*** Records for processing Section Begins ***
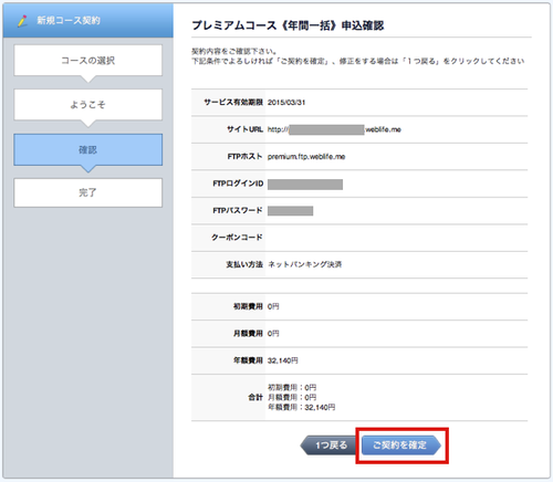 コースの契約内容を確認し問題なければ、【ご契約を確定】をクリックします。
*** Records for processing Section Ends ***
*** Records for processing Section Begins ***
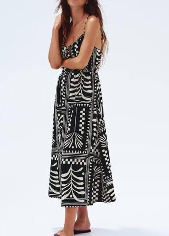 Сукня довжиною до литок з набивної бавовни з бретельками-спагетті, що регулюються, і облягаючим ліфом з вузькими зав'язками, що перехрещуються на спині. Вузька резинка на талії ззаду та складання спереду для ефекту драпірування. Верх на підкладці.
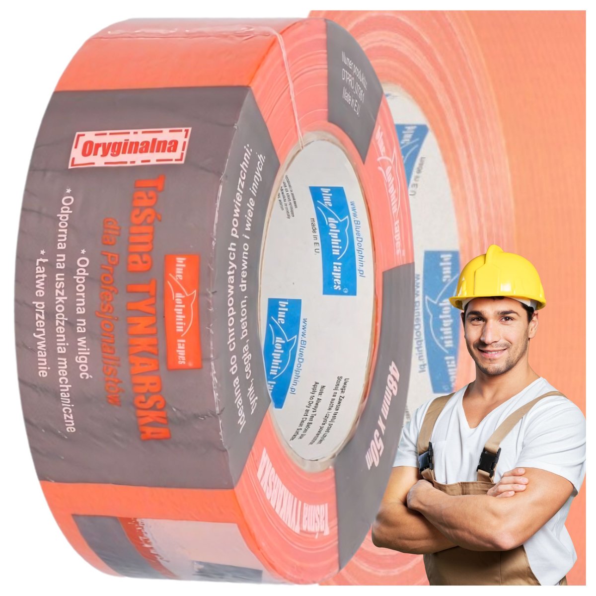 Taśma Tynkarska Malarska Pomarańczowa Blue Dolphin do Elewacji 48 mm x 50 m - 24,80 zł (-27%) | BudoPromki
*** Records for processing Section Ends ***
Exercise goal: Repeat exactly, and only, the entries from the line with "Сукня довжиною до" through the line with "Taśma Tynkarska Malarska". Pictures are skipped.

Result:
 Сукня довжиною до литок з набивної бавовни з бретельками-спагетті, що регулюються, і облягаючим ліфом з вузькими зав'язками, що перехрещуються на спині. Вузька резинка на талії ззаду та складання спереду для ефекту драпірування. Верх на підкладці.
 Taśma Tynkarska Malarska Pomarańczowa Blue Dolphin do Elewacji 48 mm x 50 m - 24,80 zł (-27%) | BudoPromki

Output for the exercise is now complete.